ADHD is a Neuro developmental disorder and has a strong biological/hereditary predisposition.

 

Although these children do not look physically handicapped, they are neurologically handicapped.

 

This handicap manifests itself in the way they behave.

 

(7th Core principles for managing ADHD, adapted from Russell Barkley, by Dr R. McCarthy, developmental paediatrician)

 

ADHD INDIVIDUALS MAY BE…

 

Hyperactive – restless, can’t sit still, very active, talk a lot, have trouble following instructions, and hard to move from recess back to work.

 

Impulsive – don’t stop to think before doing, don’t follow rules, don’t benefit from corrections or even their own mistakes, talk out of turn & interrupt others.

 

Inattentive – hard to get their attention, easily distracted, seem not to listen, tend to lose or forget things, disorganised, have trouble keeping their mind on the job. If they are primarily inattentive it is called Attention Deficit Disorder (ADD), if they are also hyperactive it is called Attention Deficit Hyperactivity Disorder (ADHD).

 

They may also be…

 

Disorganised – Because they cannot keep their mind on what they are doing they tend to be disorganised, and their memory is often unreliable because they don’t organise the information in a way that it can be easily remembered.

 

Variability in performance – They may know how to do a particular task, but cannot maintain the concentration, or organise themselves to do it today even though they did it fine yesterday. This can be extremely frustrating for caregivers.

 

Uncoordinated- Some have difficulties with fine motor co-ordination, such as tying shoe laces, or hand writing.

 

Other specific learning disabilities – 40% of ADHD individuals have some other learning disability (maths, reading, sequencing, perception, receptive or expressive language) in addition to the other difficulties associated with ADHD.

 

Socially clumsy – Often ADHD individuals misread facial expressions and body language. They can dominate friends and make others feel uncomfortable because of their intensity.

 

Insatiable- Nothing satisfies them for very long. When they get it into their head that they want something, they don’t let up, able to keep going on and on and whingeing long after others have given up.

 

(Adapted from Burnside 2000)

 

CORE PRINCIPLES FOR MANAGING ADHD
1. Greater immediacy of Consequences – Use feedback and consequences as quickly as possible following the unacceptable target behaviours.
2. Increased frequency of consequences – ADHD individuals require constant feedback to assist them to better control their behaviours and work productively.
3. Use of more pronounced, important consequences – seem to need greater consequences than others.
4. Act – Don’t Yack – the more you talk, the more you postpone using more appropriate consequences. ADHD is not due to a failure of knowledge or reasoning, they simply need feedback swiftly and often.
These next two are particularly helpful for children…
5. Positives before negatives When attempting to change a problematic behaviour, first phrase it in the positive or affirmative; what do you want them to be doing. Set up a reward program to encourage further development of this behaviour. After 7-14 days of implementing your incentive program, begin selectively punishing the child for the display of the inappropriate alternative behaviour. Punishment used first and used frequently often fails to manage behaviour when it does not occur in the context of adequate ongoing rewards.
6. Anticipate problems; Have a plan – When you can anticipate what settings and contexts bring out their unacceptable their behaviours, you can set up a plan to manage the problem before it occurs, you can reduce the likelihood of the problem arising.  Therefore, just before the ADHD individual moves into a problem situation, do these 5 steps.

 

  1. Review 2-3 rules with the individual that they have trouble following in that situation

 

  1. Set up a small immediate incentive for the person to earn if they successfully follow the rules and review this with the child

  

  1. Set up a small immediate consequence for disobeying the rules. Again, review this with the child/individual

 

  1. As you enter the situation, begin giving the individual feedback for their successful adherence to the plan.

  

  1. Deliver your consequences immediately upon the occurrence of the positive/negative behaviours.

 

7. Keep a disability perspective – Always remember this individual is disabled even if the disability is not visible.

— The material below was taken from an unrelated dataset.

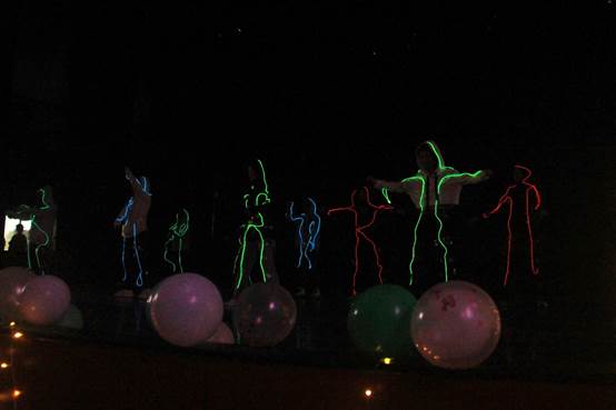 扶鼎而聚,歌之颂之。至善2301班带来的舞蹈朗诵《如愿》向大家娓娓道来理想之诗,传达了时光不负有心人,青云之志皆如愿的美好祝福;校艺术团声乐部倾情演唱《勇气》,悠扬歌声撒播着勇气、热爱与希望;何言黑夜无烛照,声动光转献一舞,学生会的荧光舞《舞蹈疯暴》于黑暗中闪烁,扭动的多彩光芒让观众感受到无限的张扬与活力;学生会成员张佳乐带来的原创歌曲《Imagination》用词曲表达了自己的态度与主张,带领观众遨游于想象的世界,共同感受爱与星光。
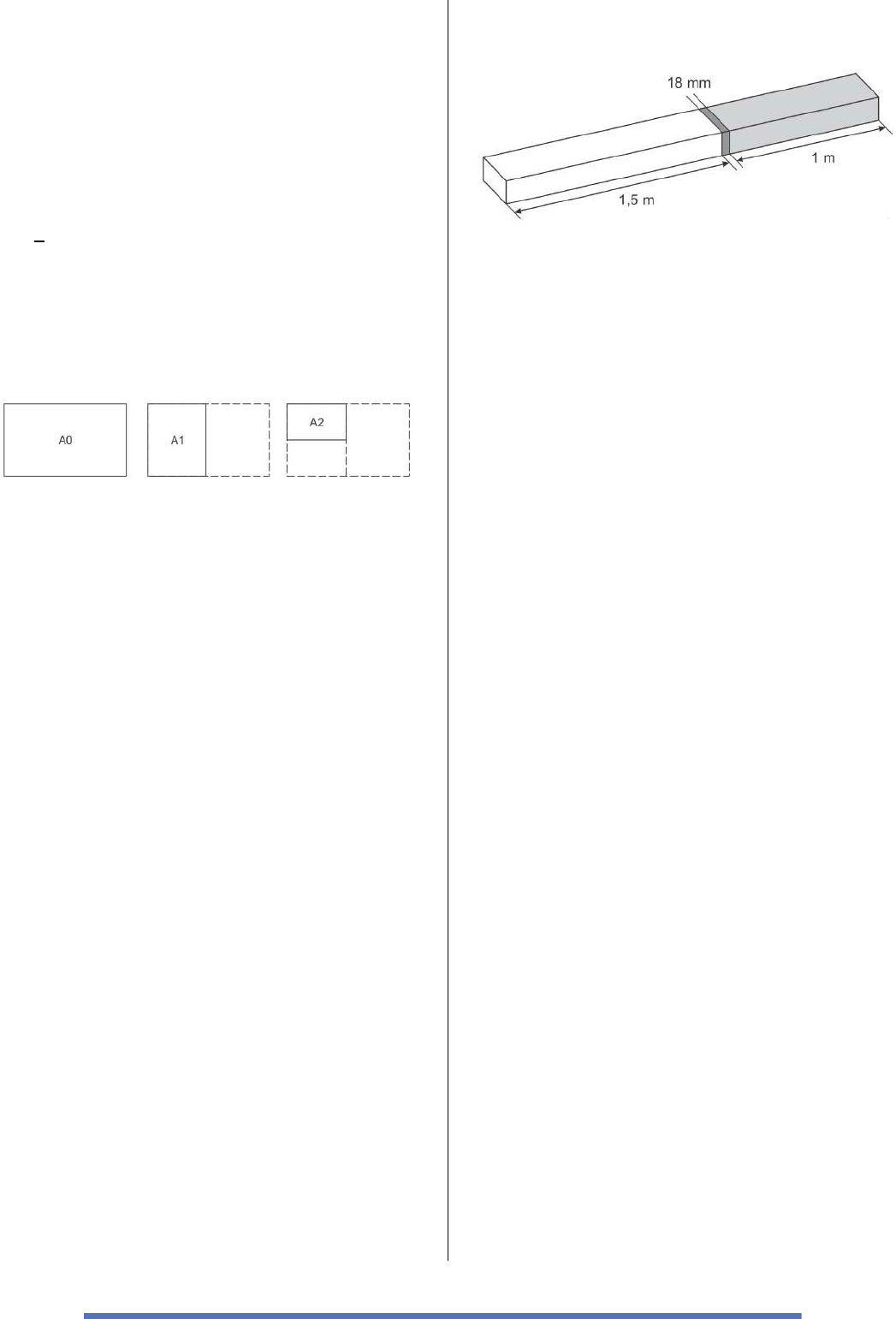 92 a) 279. b) 539. c) 2.619. d) 5.219. e) 7.613. M1768 - (Enem PPL) O padrão internacional ISO 216 define os tamanhos de papel utilizados em quase todos os países. O formato-base é uma folha retangular de papel chamada de A0, cujas dimensões estão na razão 1: √2. A partir de então, dobra-se a folha ao meio, sempre no lado maior, definindo os demais formatos, conforme o número da dobradura. Por exemplo, A1 é a folha A0 dobrada ao meio uma vez, A2 é a folha A0 dobrada ao meio duas vezes, e assim sucessivamente, conforme a figura. Um tamanho de papel bastante comum em escritórios brasileiros é o A4, cujas dimensões são 21,0 cm por 29,7 cm. Quais são as dimensões, em centímetros, da folha A0? a) 21,0 x 118,8 b) 84,0 x 29,7 c) 84,0 x 118,8 d) 168,0 x 237,6 e) 336,0 x 475,2 M1771 - (Enem) Na construção de um conjunto habitacional de casas populares, todas serão feitas num mesmo modelo, ocupando, cada uma delas, terrenos cujas dimensões são iguais a 20 m de comprimento por 8 m de largura. Visando a comercialização dessas casas, antes do início das obras, a empresa resolveu apresentá-las por meio de maquetes construídas numa escala de 1: 200. As medidas do comprimento e da largura dos terrenos, respectivamente, em centímetros, na maquete construída, foram de a) 4 e 10. b) 5 e 2. c) 10 e 4. d) 20 e 8. e) 50 e 20. M1774 - (Enem PPL) Atendendo à encomenda de um mecânico, um soldador terá de juntar duas barras de metais diferentes. A solda utilizada tem espessura de 18 milímetros, conforme ilustrado na figura. Qual o comprimento, em metros, da peça resultante após a soldagem? a) 2,0230 b) 2,2300 c) 2,5018 d) 2,5180 e) 2,6800 M1775 - (Enem PPL) Uma fábrica vende pizzas congeladas de tamanhos médio e grande, cujos diâmetros são respectivamente 30 cm e 40 cm. Fabricam-se apenas pizzas de sabor muçarela. Sabe-se que o custo com os ingredientes para a preparação é diretamente proporcional ao quadrado do diâmetro da pizza, e que na de tamanho médio esse custo é R$ 1,80. Além disso, todas possuem um custo Fixo de R$ 3,00, referente às demais despesas da fábrica. Sabe-se ainda que a fábrica deseja lucrar R$ 2,50 em cada pizza grande. Qual é o preço que a fábrica deve cobrar pela pizza grande, a fim de obter o lucro desejado? a) R$ 5,70 b) R$ 6,20 c) R$ 7,30 d) R$ 7,90 e) R$ 8,70 M1778 - (Enem PPL) Uma confecção possuía 36 funcionários, alcançando uma produtividade de 5.400

8. Maintain a sense of priorities – develop priorities you are striving to you accomplish with your individual. Do not engage in conflicts with the person over trivial, insignificant misbehaviours or minor offences.

9. Don’t personalise the Individual’s Problems – Maintain a sense of humour, perspective and personal/emotional distance from the individual’s problems.

Your methods and progress will not work all the time with an ADHD individual that you care for. When they fail, do not necessarily attribute this to your own failure or inadequacies as a caregiver to this person.

10. Practice Forgiveness – At the end of each day, forgive your special needs person for their misconduct, forgive others their misunderstandings of you in your care of this person, and forgive yourself for the mistakes you are certainly going to make in managing such a person. The special needs person should be able to start each day with a “clean slate”.  (Core principles for managing ADHD, adapted from Russell Barkley, by Dr R. McCarthy, developmental paediatrician)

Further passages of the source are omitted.